ONG quer o fim da revista vexatória

Por Frederico Vasconcelos

Revista Vexatória

Conectas lança campanha para proibir práticas adotadas quando as mulheres visitam os parentes nos presídios.

A Conectas Direitos Humanos está lançando nesta quarta-feira (23/4) uma campanha de mobilização da sociedade para proibição da revista vexatória, prática adotada por funcionários dos presídios, quando mulheres são despidas e humilhadas ao visitar pais, filhos, maridos e irmãos.

A campanha nacional –com vídeos, áudios e depoimentos– tem o objetivo de sensibilizar o Congresso Nacional a aprovar o Projeto de Lei do Senado 480/2013, que pretende coibir essa prática considerada “mau trato” pela ONU e que, dependendo das circunstâncias, configura tortura.

A Conectas é uma organização não governamental internacional, sem fins lucrativos, fundada em setembro de 2001 em São Paulo (*).

Segundo os organizadores da campanha, “toda semana, milhares de mães, filhas, irmãs e esposas de pessoas presas são obrigadas a se despir completamente, agachar três vezes sobre um espelho, contrair os músculos e abrir com as mãos o ânus e a vagina para que funcionários do Estado possam realizar um dos procedimentos mais humilhantes de que se tem notícia nos presídios brasileiros: a revista vexatória”.

“Bebês de colo, idosas e mulheres com dificuldade de locomoção são todos submetidos indiscriminadamente ao mesmo procedimento, muitas vezes sob insultos e ameaças”, sustenta a ONG.

Oficialmente, as revistas vexatórias são feitas para impedir a entrada de drogas, armas e chips de celular nas prisões. Uma pesquisa realizada pela Rede Justiça Criminal, com base em documentos oficiais fornecidos pela Secretaria de Administração Penitenciária do Estado de São Paulo, constatou que apenas 0,03% dos visitantes carregavam itens considerados proibidos, ou seja, 3 visitantes em cada 10 mil.

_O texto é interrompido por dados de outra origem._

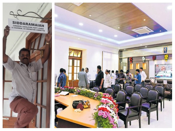 ಸಭಾಧ್ಯಕ್ಷರಾದ ರಮೇಶ್ ಕುಮಾರ್ ತಮ್ಮ ವಿವೇಚನಾ ಅಧಿಕಾರ ಪ್ರಯೋಗಿಸಿ ಈ ಕೊಠಡಿ ನೀಡಿದ್ದು ಅದರ ಮುಂದೆ, "ಸಿದ್ದರಾಮಯ್ಯ, ಕಾಂಗ್ರೆಸ್ ಶಾಸಕಾಂಗ ಪಕ್ಷದ ನಾಯಕರು ಮತ್ತು ಸಮನ್ವಯ ಸಮಿತಿ ಅಧ್ಯಕ್ಷರು" ಎಂಬ ಬೋರ್ಡ್ ತಗುಲಿ ಹಾಕಲಾಗಿದೆ.

Em nenhum dos casos registrou-se a tentativa de entrar com armas. A pesquisa levou em conta dados coletados pelo Governo nos meses de fevereiro, março e abril dos anos 2010, 2011, 2012 e 2013. Enquanto isso, a apreensão de objetos ilegais dentro das celas foi quatro vezes superior à quantidade apreendida com parentes, o que indica que os objetos entram por outros meios, que não os familiares.